I guess Chester is like a puzzle piece, a corner one. It’s the first one you look for, you need it to begin. Everyone will say you can do it without them and maybe you can but you still look for them because it makes everything easier. And then when your puzzle is complete, when everything has slotted together and you can sit back and be proud of what you’ve accomplished. You think of the corner pieces, how significant they were to completing this. How you always need them, no matter what anyone says. 

It’s the only way I can describe the importance of his existence, it’s the only way anything can make sense to other people. I always thought people never really understood love when you’d try to explain it to them. I know I never did. 

When I’d ask my mum why she wasn’t with my dad anymore, why there was a new man which had replaced him. I didn’t understand, little me didn’t know how you can find someone else to love. I thought there was only ever ‘the one’. 

“But mommy it doesn’t make sense, you can't love two people at the same time.” I had stated a long time ago.

“Of course you can Gracie, what about you and your brothers? I love you all.”

“That’s different. You married dad, therefore you have to love him forever.”

“Sometimes things change though, sometimes you loose your love for a person and then it rekindles in someone else.”

“Loose your love?” I remember it not making sense. Loosing love sounded like some sort of curse. 

"Sometimes it goes, and travels to a new person. There's nothing wrong with that.”

“So one day you wake up and find your love is gone?” It all seemed daunting, the prospect of loosing something that had been my source of hope for years.

“Sort of.

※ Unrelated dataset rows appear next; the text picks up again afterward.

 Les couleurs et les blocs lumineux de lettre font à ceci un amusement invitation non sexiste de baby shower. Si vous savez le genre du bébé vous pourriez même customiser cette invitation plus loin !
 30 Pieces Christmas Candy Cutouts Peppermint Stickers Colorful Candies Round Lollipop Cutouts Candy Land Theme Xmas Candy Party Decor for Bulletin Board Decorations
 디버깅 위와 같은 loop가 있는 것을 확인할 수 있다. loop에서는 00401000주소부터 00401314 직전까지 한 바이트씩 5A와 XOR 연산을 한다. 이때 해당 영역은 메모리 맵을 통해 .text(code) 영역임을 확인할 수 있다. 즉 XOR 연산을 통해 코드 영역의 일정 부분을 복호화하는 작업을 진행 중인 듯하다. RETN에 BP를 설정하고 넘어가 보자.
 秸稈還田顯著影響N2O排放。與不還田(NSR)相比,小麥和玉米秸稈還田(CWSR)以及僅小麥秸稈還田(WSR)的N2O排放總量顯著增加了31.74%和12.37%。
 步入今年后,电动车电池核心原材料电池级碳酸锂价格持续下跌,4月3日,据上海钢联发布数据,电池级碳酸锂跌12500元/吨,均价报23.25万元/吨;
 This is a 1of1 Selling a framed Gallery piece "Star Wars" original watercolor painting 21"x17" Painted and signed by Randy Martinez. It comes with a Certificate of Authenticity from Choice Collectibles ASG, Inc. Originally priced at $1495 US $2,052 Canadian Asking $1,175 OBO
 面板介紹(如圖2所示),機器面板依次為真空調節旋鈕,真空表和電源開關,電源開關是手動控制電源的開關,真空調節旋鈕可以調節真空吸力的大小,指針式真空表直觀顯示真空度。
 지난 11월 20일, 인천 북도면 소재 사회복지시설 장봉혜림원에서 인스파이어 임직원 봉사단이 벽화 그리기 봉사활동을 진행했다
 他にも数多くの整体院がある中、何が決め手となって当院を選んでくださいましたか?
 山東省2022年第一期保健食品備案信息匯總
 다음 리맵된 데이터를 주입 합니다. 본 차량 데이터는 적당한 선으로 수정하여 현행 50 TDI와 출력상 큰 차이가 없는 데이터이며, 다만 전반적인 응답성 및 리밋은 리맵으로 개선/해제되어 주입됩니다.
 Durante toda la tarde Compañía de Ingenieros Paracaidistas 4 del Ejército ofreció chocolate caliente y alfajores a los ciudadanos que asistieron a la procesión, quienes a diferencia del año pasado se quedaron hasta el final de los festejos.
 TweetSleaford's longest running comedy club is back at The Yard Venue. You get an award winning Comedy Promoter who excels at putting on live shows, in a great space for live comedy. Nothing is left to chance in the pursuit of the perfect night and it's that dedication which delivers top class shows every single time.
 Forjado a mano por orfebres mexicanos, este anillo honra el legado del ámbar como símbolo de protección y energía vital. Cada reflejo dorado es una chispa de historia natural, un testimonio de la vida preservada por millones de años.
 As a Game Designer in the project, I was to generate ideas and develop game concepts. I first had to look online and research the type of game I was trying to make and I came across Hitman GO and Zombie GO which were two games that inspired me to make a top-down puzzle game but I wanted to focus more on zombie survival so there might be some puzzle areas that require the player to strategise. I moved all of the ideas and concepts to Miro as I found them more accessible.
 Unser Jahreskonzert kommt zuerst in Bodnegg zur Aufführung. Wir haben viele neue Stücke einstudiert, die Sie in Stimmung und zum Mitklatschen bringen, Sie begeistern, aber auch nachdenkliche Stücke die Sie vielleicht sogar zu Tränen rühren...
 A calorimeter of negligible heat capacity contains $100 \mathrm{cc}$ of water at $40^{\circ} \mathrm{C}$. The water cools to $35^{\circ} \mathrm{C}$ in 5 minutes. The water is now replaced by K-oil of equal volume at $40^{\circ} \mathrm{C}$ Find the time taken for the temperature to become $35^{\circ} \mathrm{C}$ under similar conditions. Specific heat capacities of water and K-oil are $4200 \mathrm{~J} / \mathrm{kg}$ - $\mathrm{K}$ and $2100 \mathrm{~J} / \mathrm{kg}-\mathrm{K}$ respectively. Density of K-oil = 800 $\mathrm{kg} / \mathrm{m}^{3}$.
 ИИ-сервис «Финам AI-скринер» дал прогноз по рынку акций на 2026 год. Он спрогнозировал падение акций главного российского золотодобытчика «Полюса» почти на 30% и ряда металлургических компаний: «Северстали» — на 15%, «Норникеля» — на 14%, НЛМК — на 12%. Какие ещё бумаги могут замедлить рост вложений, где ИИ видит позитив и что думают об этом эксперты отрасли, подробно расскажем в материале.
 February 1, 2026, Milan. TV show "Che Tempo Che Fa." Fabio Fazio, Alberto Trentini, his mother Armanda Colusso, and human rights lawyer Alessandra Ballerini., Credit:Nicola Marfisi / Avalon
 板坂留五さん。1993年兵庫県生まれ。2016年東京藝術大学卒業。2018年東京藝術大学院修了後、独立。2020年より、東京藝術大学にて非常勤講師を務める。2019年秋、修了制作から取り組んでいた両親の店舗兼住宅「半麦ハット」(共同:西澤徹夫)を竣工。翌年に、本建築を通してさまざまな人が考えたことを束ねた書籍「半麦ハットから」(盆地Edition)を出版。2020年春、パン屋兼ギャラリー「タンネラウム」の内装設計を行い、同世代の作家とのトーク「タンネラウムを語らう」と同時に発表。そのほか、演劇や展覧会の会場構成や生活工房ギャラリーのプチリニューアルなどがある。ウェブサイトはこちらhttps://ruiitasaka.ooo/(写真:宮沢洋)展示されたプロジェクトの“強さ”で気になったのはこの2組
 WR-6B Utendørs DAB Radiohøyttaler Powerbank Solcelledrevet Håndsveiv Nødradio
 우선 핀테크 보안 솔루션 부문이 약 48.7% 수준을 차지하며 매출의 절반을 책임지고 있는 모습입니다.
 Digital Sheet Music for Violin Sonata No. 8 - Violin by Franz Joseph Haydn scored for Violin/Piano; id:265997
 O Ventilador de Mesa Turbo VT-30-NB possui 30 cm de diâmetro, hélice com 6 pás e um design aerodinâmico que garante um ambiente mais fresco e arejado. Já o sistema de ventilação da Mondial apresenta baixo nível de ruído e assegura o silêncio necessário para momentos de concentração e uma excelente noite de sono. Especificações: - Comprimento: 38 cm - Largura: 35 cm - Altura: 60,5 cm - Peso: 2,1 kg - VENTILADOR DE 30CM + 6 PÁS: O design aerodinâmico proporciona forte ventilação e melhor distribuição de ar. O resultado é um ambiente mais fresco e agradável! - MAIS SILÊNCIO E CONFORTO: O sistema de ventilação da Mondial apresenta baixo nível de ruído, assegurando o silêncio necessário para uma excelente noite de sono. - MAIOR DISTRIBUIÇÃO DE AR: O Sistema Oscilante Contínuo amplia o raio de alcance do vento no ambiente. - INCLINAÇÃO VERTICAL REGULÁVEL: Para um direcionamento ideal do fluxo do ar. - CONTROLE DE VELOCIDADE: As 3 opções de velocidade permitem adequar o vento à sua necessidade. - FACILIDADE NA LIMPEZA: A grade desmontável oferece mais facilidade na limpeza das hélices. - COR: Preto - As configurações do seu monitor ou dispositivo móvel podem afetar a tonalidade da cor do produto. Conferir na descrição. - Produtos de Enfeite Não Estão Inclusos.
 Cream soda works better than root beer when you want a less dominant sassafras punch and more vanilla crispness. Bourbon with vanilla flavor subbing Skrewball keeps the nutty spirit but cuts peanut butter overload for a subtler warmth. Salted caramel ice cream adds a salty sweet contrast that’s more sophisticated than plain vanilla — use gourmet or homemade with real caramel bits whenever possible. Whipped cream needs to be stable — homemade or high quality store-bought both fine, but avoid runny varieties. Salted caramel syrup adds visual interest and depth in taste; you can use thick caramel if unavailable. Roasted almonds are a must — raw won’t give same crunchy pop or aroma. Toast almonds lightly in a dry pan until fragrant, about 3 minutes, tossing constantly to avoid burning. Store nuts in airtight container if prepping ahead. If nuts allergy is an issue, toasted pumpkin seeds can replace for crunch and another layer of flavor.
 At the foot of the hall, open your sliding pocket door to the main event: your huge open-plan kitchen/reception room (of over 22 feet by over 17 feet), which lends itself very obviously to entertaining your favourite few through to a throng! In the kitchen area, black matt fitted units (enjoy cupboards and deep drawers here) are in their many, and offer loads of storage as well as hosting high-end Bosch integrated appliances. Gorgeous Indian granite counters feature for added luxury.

But don’t worry about it yet Gracie, because people will love you forever; you won’t ever loose your love and no one will ever let your love go.” I remember her smile when she said it, an unconvincing smile. A smile which she hoped would cover her pain; I guessed she didn’t believe her own words. I pretended I couldn’t see right through her, I pretended that love existed forever and nodded, smiling sweetly. 

Before that conversation I had thought that there was no end to love and that was all I needed to know, I could dream freely knowing that. But that day what I thought I had known forever was in fact just a lie. A false illusion that dreams and love came true. Which is why my own life surprised me everyday.

Because after that conversation with my mother I had a cynical outlook on this sappy love crap but then Chester came and I questioned everything. 

Had Chester had the same talk with his parents? Had he believed what they had said? Did he think that love was eternal and people would love him, especially him, forever?

He had every right to believe. I believed him. I believed that people would love him forever, or I knew I did.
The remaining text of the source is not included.